Graphene Oxide and Copper Ferrite GO/Cu〖Fe〗_2 0_4Nano-composites as Adsorbent for Fluoride Removal from Aqueous Solution

Abstract

Water, the universal solvent, is a prerequisite for the existence of all forms of life on the planet earth .60% of the fluid running in the human body is water. Any irregularity in the concentration of minerals can lead to serious health hazards. Such is the case with Fluoride, a major element for human metabolism and its occurrence in drinking water could be safe or unsafe. Fluoride of 0.5 mg L-1 is needed to strengthen tooth polish and moreover to prevent the early tooth decay.
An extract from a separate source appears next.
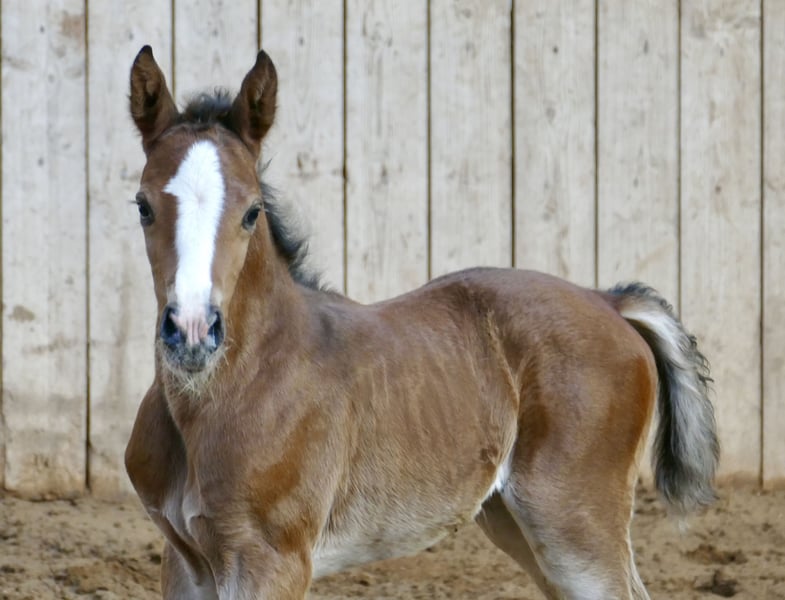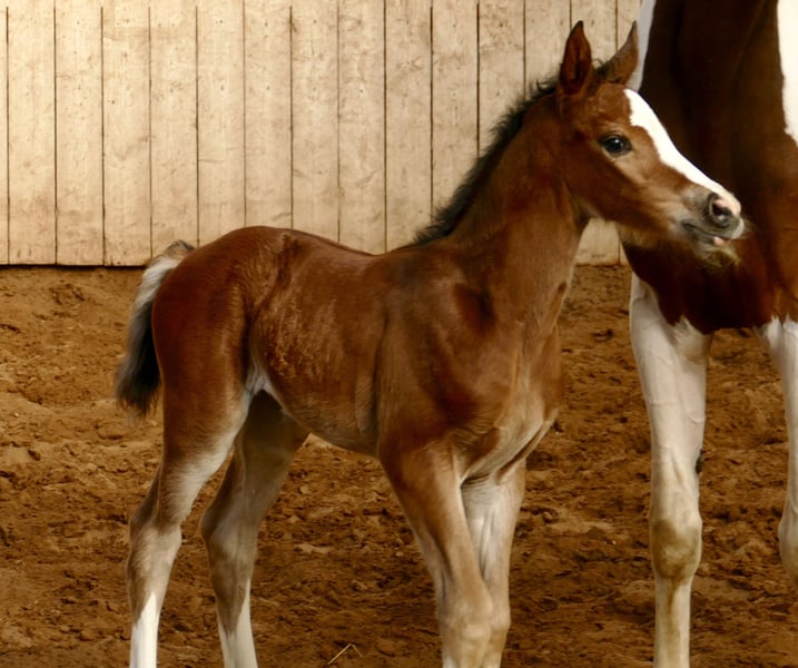 Chubella Magic A Stutfohlen von Chubakko x Zinedine x Ismo aus der Zaubergirl Ein außergewöhnliches Stutfohlen mit Ausstrahlung, Qualität und einem Pedigree, das keine Wünsche offenlässt: Chubella Magic A vereint moderne Springgenetik mit Charme und Eleganz. Väterlicherseits stammt sie von Chubakko, einem hochinteressanten Holsteiner Springhengst, der durch Vermögen, Reflexe und Rittigkeit überzeugt. Seine Nachkommen zeigen sich bereits früh mit viel Übersicht am Sprung, elastischen Bewegungen und hervorragender Einstellung – echte Sportpferde mit Perspektive. In der zweiten Generation steht Zinedine, ein international hocherfolgreicher Spitzenvererber, der unter Ludger Beerbaum auf höchstem Niveau im großen Sport erfolgreich war. Er steht für grenzenloses Vermögen, Vorsicht und Leistungsbereitschaft und gibt diese Qualitäten zuverlässig an seine Nachkommen weiter, die weltweit im Sport überzeugen. Abgerundet wird dieses exzellente Pedigree durch Ismo, der für bewährte Leistungsgenetik und solide, leistungsstarke Mutterlinien steht – eine wertvolle Basis für Rittigkeit, Härte und Verlässlichkeit im Sport. Chubella Magic A selbst präsentiert sich als typvolles, langbeiniges Stutfohlen mit viel Ausdruck und natürlicher Eleganz. Sie besticht durch ihr korrektes Fundament, eine schwungvolle, elastische Bewegung und einen klaren, aufmerksamen Charakter. Bereits jetzt lässt sie erkennen, dass sie das Potenzial ihrer hochkarätigen Abstammung in sich trägt. Eine vielversprechende Nachwuchsstute für Zucht und Sport – modern gezogen und mit dem gewissen „Magic“, das sie besonders macht.

However, on exceeding a considerable point, it produces a disease called 'fluorosis'. The present research is centered on the defluoridation of water employing the adsorption method by batch experimental tests. The two-dimensional graphene and graphene-based materials are in effect broadly used being in wastewater treatment as a result of their electronic mobility, incredible surface area, high mechanical strength, great abrasion restraint ability and tunable surface, improved hydrophobicity, adsorption capacity, and recyclability making it ideal material for wastewater treatment. Recently, copper ferrite (CuFe2O4) nanoparticles have drawn various researchers' attention because of its intrinsic properties in application of water purification. CuFe2O4 Nano composites are attractive because of material stability under various conditions. In this study, GO/CuFe2O4 was employed as an adsorbent to dislodge Fluoride (F-1) ions from water by adsorption. The results of three adsorption factors (contact time, pH and Fluoride concentration) on two reaction factors (removal efficiency and adsorption limit) were investigated. The ideal performance conditions for the adsorption of Fluoride (F-1) were noted to be contact time of 75 min, pH of 6 with an initial dose of adsorbent of 10mg/L. The total removal ability and saturation capacity of Fluoride (F-1) under this working condition were observed to be 88% and 2.37mg/g individually. The equilibrium adsorption isotherms and kinetic adsorption models illustrated that the Langmuir isotherm and pseudo-second-order both model showed coherence to the trial information. The characteristics studies of the material were achieved using X-ray diffraction (XRD), Fourier Transform Infrared Spectrometer (FT-IR), Scanning Electron microscope (SEM), Raman, and Ultraviolet-Visible (UV-Vis) spectroscopy.